Oh, Jonah.  Israel is not the only nation worth loving.  And we, as the body of Christ, are not the only people worth the resurrection.  Everyone, even those deeply rooted in sin and taken over by evil –those who are lost and broken and tired – they are worth reaching.  They are worth redeeming.  Husbands who cheat on their wives.  Executives who skim the margins.  Men who rape and women who hurt and those groups that snarl hate and venom in the name of God.  Republicans and Abortion Clinics and Liberal Media and George Bush and the whole net of us humankind – God’s healing mercy is for us all.

Sometimes it takes sinking in a deep black hole, when life seems to be ebbing way, to set our sights in the right direction. God has to literally build a vine and dry it up, cause the seas to rise and fall – forcing us to put our pride aside and realize that all people get a hall pass at grace.

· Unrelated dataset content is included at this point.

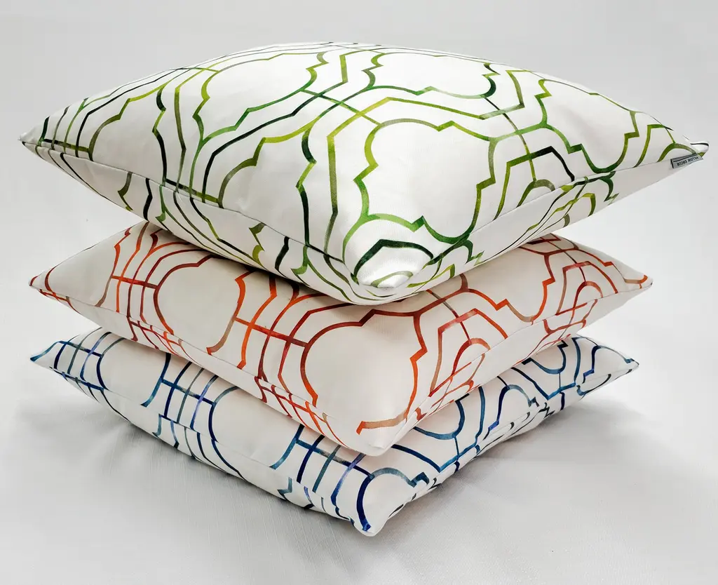 The 20 inch square Biltmore Gate Throw Pillow in green is a 100% cotton pillow with a lattice pattern on front and back. The lines of the lattice are printed in a watercolor style, incorporating various shades of green that bleed together, giving the pillow a soft yet lively, fresh look. Size: 20''x20'' Square Fabric: 100% Cotton Same fabric and design on front and back Knife edge seams. Inside seams are serged for strength and durability. Hidden zipper closure in bottom seam of pillow cover Dry cleaning is recommended, or machine wash separately in cold water on delicate cycle. Lay flat to dry, iron inside out on low heat. Made in Canada: Designed and made in Pillow Decor's Vancouver workroom.

But Lord, they don’t deserve it, I scream. I sit in disbelief that my life has been filled with worship and their life was filled with decay and at the end we all end up in the same place.  And instead of being gracious about it I turn up my nose and scowl.  I doubt God’s compassion is equal.  I am angry that they are welcomed into the kingdom.  I feel I’ve somehow earned it. And when God asks if I have that right, I’m honest.  “Yes, Lord.  I’m angry enough to die.”

But brothers, we are all in this together.  Those people over there and us.  We’re all trapped together in one stinking whale-belly of a life, and salvation abounds.